I have the output of a Bert model that is H = [batch_size, sequence_length, hidden_size]. I have another tensor indicating the sequence length of each sample in the batch, L = [batch_size, 1].

How would I compute the max of H over the sequence length (dim=1) without including the padding tokens (i.e. only including the positions less than that specificied by L)?

I have a solution for taking the mean,

```
mask = torch.arange(H.shape[1]).repeat(H.shape[0], 1)
mask = (mask < L).float()
mask[:, 0] = 0
masked_h = H * mask.unsqueeze(2)
mean_emb = (masked_h.sum(dim=1)/L)
```

Your approach looks, but it would calculate the mean, wouldn’t it?

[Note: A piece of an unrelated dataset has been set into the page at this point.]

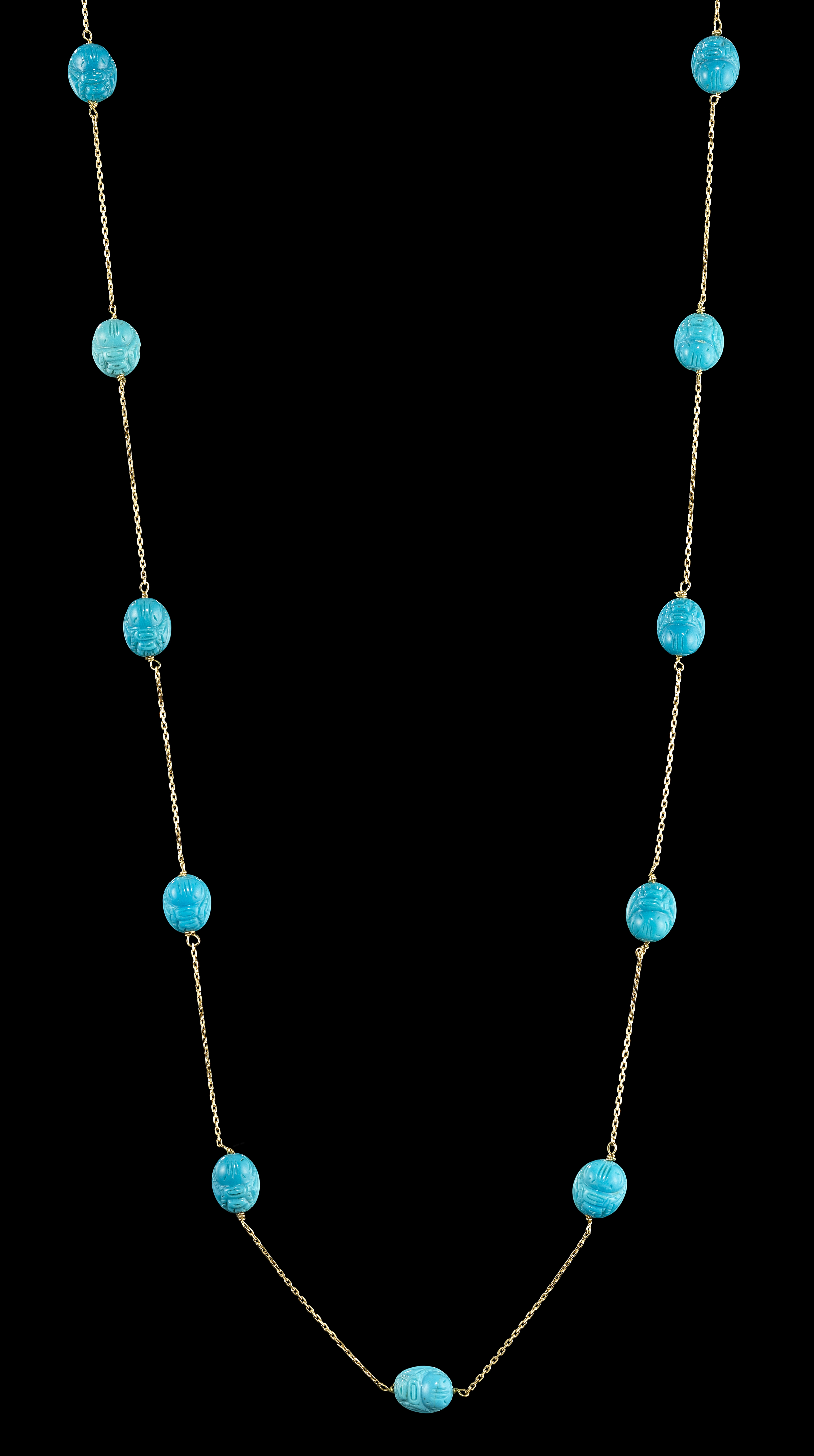 4417. Sautoir à maille forçat ponctué de scarabées en turquoise

Ya sorry, maybe that part of the post is a bit irrelevant. I meant to say I know how to calcualte the mean but calculating the max seems trickier and I have yet to figure it out.

You could use a similar approach using a mask.

I don’t know what values your padding tokens have, but you could set the mask values for all padding values to a large negative value (`-Inf`

should work), multiply `H`

with this mask, and apply `max()`

on it.

Let me know, if that would work.

This is also the solution I thought of but the problem is a hidden vector is float32 in general and can contain negative values. Multiplying by -inf gets +inf. The padding tokens can be assumed to be 0 for simplicity.